If you are interested, the best overall links on this topic remain Wait but Why? written in 2015 and brilliantly prophetic. Situational Awareness which sets out a path for the next 10 years. Pretty sure hardly anyone has a clue what’s coming down the barrel here. I’m imagining it quite likely that we will be able to have a few thousand PhD equivalents working for us every day for the cost of a few clicks and $20/hour.
Exciting times.
Stralia
The Australian Misinformation and Disinformation Bill has made its way to the Senate, which has only four sitting days left this year. In theory, if it makes it that far, they vote on Monday.
The bill itself stretches to hundreds of pages but the key essence is here, where the “Serious Harms” the bill is designed to address are defined.
Serious harms The types of harm in the Bill are: harm to the operation or integrity of an electoral or referendum process in Australia; harm to public health in Australia including the efficacy of preventative health measures; vilification of a group in Australian society; intentionally inflicted physical injury to an individual in Australia; imminent Communications Legislation Amendment (Combatting Misinformation and Disinformation) Bill 2024 Page 2 of 5 damage to critical infrastructure or disruption of emergency services in Australia; and imminent harm to the Australian economy.
Specifically for us “ imminent harm to the Australian economy.” When you dig into the bill they call out co-ordinated action against the banking system and financial markets.
The explanatory documents are even more explicit. The collapse of Credit Suisse is identified as derived from social media speculation.
The collapse of Silicon Valley Bank though was entirely the result of American politicians and Chokepoint 2.0. To quote Credit Suisse is even more remarkable. Has there ever been a more bankrupt institution than them? The Swiss Government had to break the law to sustain it and lob it into the unwilling arms of UBS.
I’m putting it to you now that Bitcoin causes harm to public confidence in the banking system because it reveals the lie of fiat currency. So, this bill is a bit of a problem.
Is the financial sector so lacking in resilience it needs the protection of the Misinformation Act? Do we really need a Misinformation act?
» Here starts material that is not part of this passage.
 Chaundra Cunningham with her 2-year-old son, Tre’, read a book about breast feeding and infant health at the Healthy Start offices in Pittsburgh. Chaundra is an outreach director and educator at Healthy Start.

The people ultimately making the decision about what is Mis or Dis information will be the Australian Communications and Media Authority. The senior team are here. I read their bios and they seem eminently noble, hardworking public servants. So what though? How on earth could they possibly be tasked with knowing what is true and what is not? Quite frankly, if they could do that they wouldn’t be working for ACMA.
Euro-Trash
First it was Mario Drahgi, then it was Ursula von der Layen, now it’s Christine Lagarde. The tough talkers are lining up to be self critical. Christine pulled no punches.
Technology from the last century…..like the windmills that now power Germany and the UK. The solution, of course, is that governments will need to spend 1 trillion per year on climate change, innovation and defence.
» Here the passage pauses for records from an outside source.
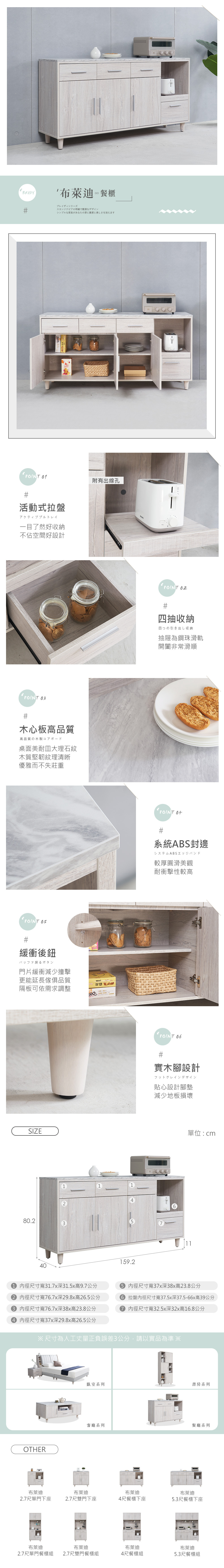【時尚屋】[MX20]布萊迪5.3尺餐櫃下座,色系白橡色為主,點綴餐廳視覺空間美感,材質上採木心板、鋼珠滑軌、緩衝後鈕、實木腳、ABS封邊等,均高於市場之產品規格,品質絕對有保證!此餐櫃在收納空間上採四抽+雙開門+單開門+托盤抽,絕對可滿足您對收納的需求,設計質感及耐用性絕對是首選。有了他絕對可以讓您煥然一新!時尚屋帶給您對家具時尚新品味。
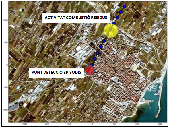 Retrotrajectòria d’episodi de contaminació amb indicació de la font origen |
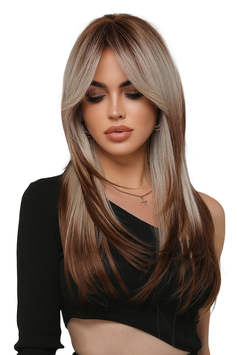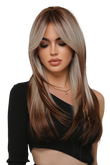 Peruca par lung de culoare satena cu suvite blonde, tunsoare este in scari cu breton.
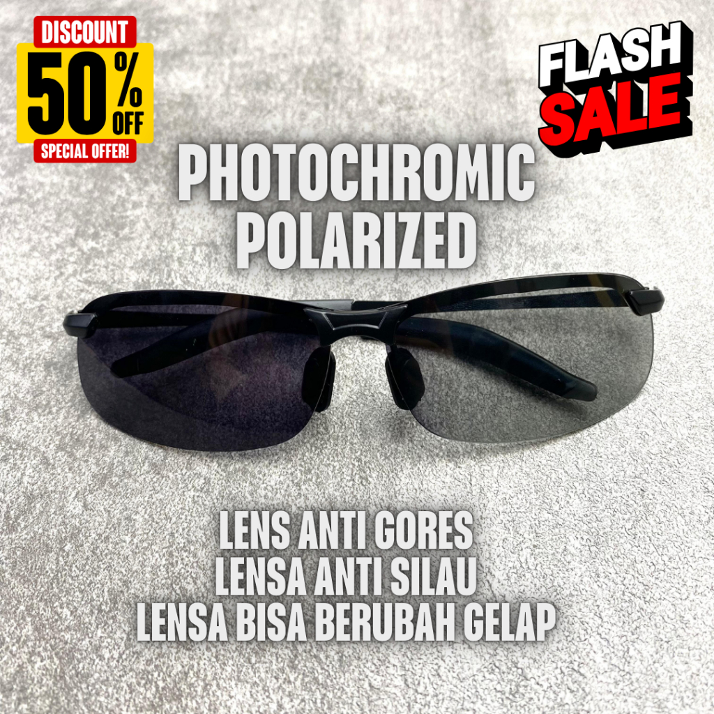 Kacamata Pria Hitam Sporty Photochromic Polaris Sunglass Hitam Cowok Kaca Mata Hitam Lensa Polaris Anti UV400

…and we will spend even more on “adult education” once everyone is unemployed due to American designed AI robots. Together we will ‘find solutions’.
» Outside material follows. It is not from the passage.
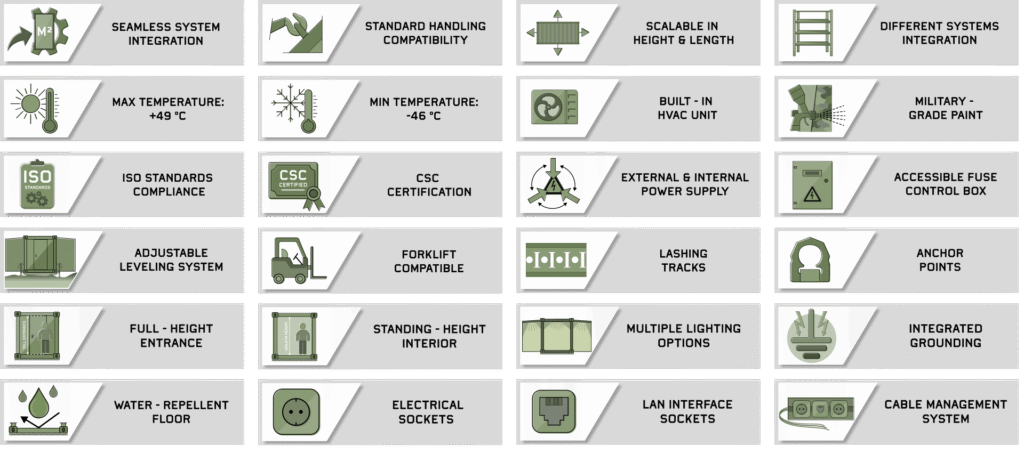 Standard Insulated Shelters come equipped with a wide range of features and integrations designed to enhance overall functionality, adaptability and operational efficiency. In practice, this allows one insulated unit to serve several functions at once, delivering consistently reliable performance across various environments and supporting an expanded, broad operational spectrum of critical needs without requiring any additional structures or additional field equipment for deployment.

Christine then rallied the troops with a quote from Marcus Aurelius.
It’s true if you are Marcus Aurelius but the ECB and the EU are not. I suppose difficulties can focus the mind but in fact, what stands in the way “regulation and government”, has indeed become the European way. It is never going to change.
They have had these issues since the dawn of the European Union. Incredibly, the bloc’s GDP of $18.3bn has barely advanced since 2008 when it was $16.3bn. 12% growth in 15 years. Indian GDP went up 200% in the same period. Not a fair comparison? I don’t agree, actually we know now that a low base means nothing. There is no limit to the economic growth that would occur if it was actually allowed to occur.
They are completely cooked. It’s just a conveyor belt of do-nothing story tellers. “we have to do this”, “we must do that”. Nothing happens though. Nothing ever happens. Nothing ever will.
It’s a shame, but it is true. If you are European and want to succeed. The first thing you need to do is……leave.